**Work required**
Once the pictures are removed, reproduce what is left of the data below exactly.

**Exercise data**
═══

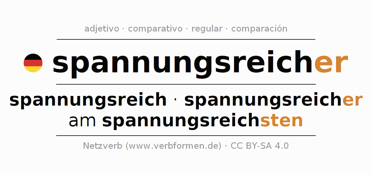 El comparativo en forma de tabla con todas sus formas de declinación: fuerte, débil y mixta. Estas están representadas de forma clara en una tabla sinópica en singular, plural y en los cuatro casos gramaticales: nominativo (primer caso), genitivo (segundo caso), dativo (tercer caso) y acusativo (cuarto caso). Aquí encontraras más información acerca del tema Wiktionary spannungsreicher y aquí también a través del Duden spannungsreicher.
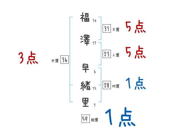 外運![]() | 福澤早緒里さんの外運は36画の3つ星!先見性が豊かです。多少神経質で苦労することも。 生活面を象徴する運勢です。外部から受ける影響力を表し、結婚運、家庭運や職場、環境への順応性を表します。 |
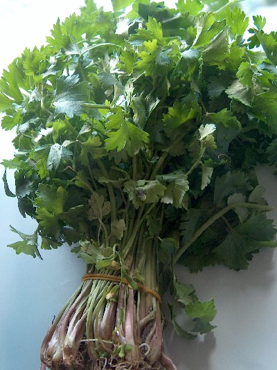 日本でお馴染みの茎が太く瑞々しいものとは随分違って、見た目はイタリアンパセリと間違えそうな感じ。イタリアンパセリよりは葉がゴワゴワしていているのですが、たまに繊細な葉っぱのものもあって、本当に間違えそうになったこともあるんですよ^^;

═══

**Result of the task**
 El comparativo en forma de tabla con todas sus formas de declinación: fuerte, débil y mixta. Estas están representadas de forma clara en una tabla sinópica en singular, plural y en los cuatro casos gramaticales: nominativo (primer caso), genitivo (segundo caso), dativo (tercer caso) y acusativo (cuarto caso). Aquí encontraras más información acerca del tema Wiktionary spannungsreicher y aquí también a través del Duden spannungsreicher.
 外運![]() | 福澤早緒里さんの外運は36画の3つ星!先見性が豊かです。多少神経質で苦労することも。 生活面を象徴する運勢です。外部から受ける影響力を表し、結婚運、家庭運や職場、環境への順応性を表します。 |
 日本でお馴染みの茎が太く瑞々しいものとは随分違って、見た目はイタリアンパセリと間違えそうな感じ。イタリアンパセリよりは葉がゴワゴワしていているのですが、たまに繊細な葉っぱのものもあって、本当に間違えそうになったこともあるんですよ^^;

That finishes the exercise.